DivCon: Divide and Conquer for Progressive Text-to-Image Generation

Yuhao Jia,Wenhan Tan
2024-08-17
Abstract:Diffusion-driven text-to-image (T2I) generation has achieved remarkable advancements. To further improve T2I models' capability in numerical and spatial reasoning, the layout is employed as an intermedium to bridge large language models and layout-based diffusion models. However, these methods still struggle with generating images from textural prompts with multiple objects and complicated spatial relationships. To tackle this challenge, we introduce a divide-and-conquer approach which decouples the T2I generation task into simple subtasks. Our approach divides the layout prediction stage into numerical & spatial reasoning and bounding box prediction. Then, the layout-to-image generation stage is conducted in an iterative manner to reconstruct objects from easy ones to difficult ones. We conduct experiments on the HRS and NSR-1K benchmarks and our approach outperforms previous state-of-the-art models with notable margins. In addition, visual results demonstrate that our approach significantly improves the controllability and consistency in generating multiple objects from complex textural prompts.
Computer Vision and Pattern Recognition
What problem does this paper attempt to address?

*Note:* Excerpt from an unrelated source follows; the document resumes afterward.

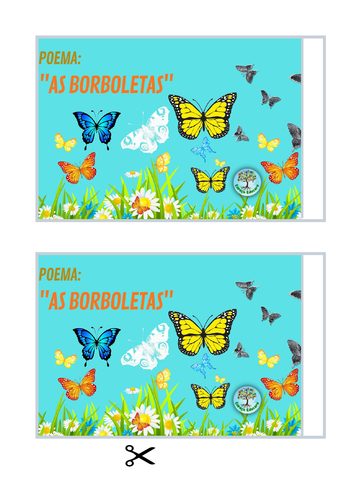 recorte para utilizar Rótulo lata C o la r a q u i C o la r a q u i Vinícius de Moraes Vinícius de Moraes recorte para utilizar ca ntinho ca ntinho Rótulo Tampa lata Recorta as borboletas e colar na tampa. Ps: dobrar no meio e passar cola somente no meio, e as assas ficarem solta com uma leve inclinação. recorte para utilizar AS BORBOLETAS AZUIS AM ARELAS E PRETAS BRAN CAS AS BELAS BORBOLETAS BRIN CAM N A LUZ recorte para utilizar BORBOLETAS BRANCAS SÃO ALEGRES E FRANCAS. E AS PRETAS, ENTÃO OH, QUE ESCURIDÃO! AS AMARELINHAS SÃO TÃO BONITINHAS! BORBOLETAS AZUIS GOSTAM DE MUITA LUZ.

The problem that this paper attempts to solve is that in the Text - to - Image (T2I) task, when the text prompt contains multiple objects and complex spatial relationships, the existing methods have limited ability in generating high - quality images. Specifically, the existing T2I models perform poorly when dealing with text prompts with a specified number of objects, different sizes, rich details and complex spatial relationships. These problems are mainly reflected in the following aspects: 1. **Insufficient numerical and spatial reasoning ability**: The existing T2I models face challenges in performing numerical and spatial reasoning from complex text prompts, especially when dealing with multiple objects and complex spatial relationships. 2. **Inconsistent generation quality**: Since the generation difficulties of different objects are different, the existing layout - to - image generation models show different generation abilities when generating objects with different characteristics. This causes some high - difficulty objects to be poorly synthesized into the image. 3. **High computational cost**: Some methods generate each object separately through multiple forward propagations, but this method significantly increases the computational cost as the number of objects increases. To address these challenges, the paper proposes a method based on the divide - and - conquer strategy - DivCon. DivCon improves the quality and accuracy of the generated image by decomposing the complex generation task into multiple subtasks. Specifically, the main contributions of DivCon include: - **Divide - and - conquer strategy**: Decompose the complex layout prediction and image generation tasks into multiple simple subtasks, thereby improving the generation quality and accuracy. - **Layout prediction stage**: Divide the layout prediction into two steps: numerical and spatial reasoning and bounding box prediction, in order to more accurately parse the component information in the text prompt. - **Layout - to - image generation stage**: Divide the layout - to - image generation into two steps and gradually generate objects with different difficulties to achieve higher - quality image generation. Through these improvements, the experimental results of DivCon on the HRS and NSR - 1K benchmark datasets show that it is superior to the existing T2I models in terms of numerical and spatial reasoning performance and the quality of the generated image.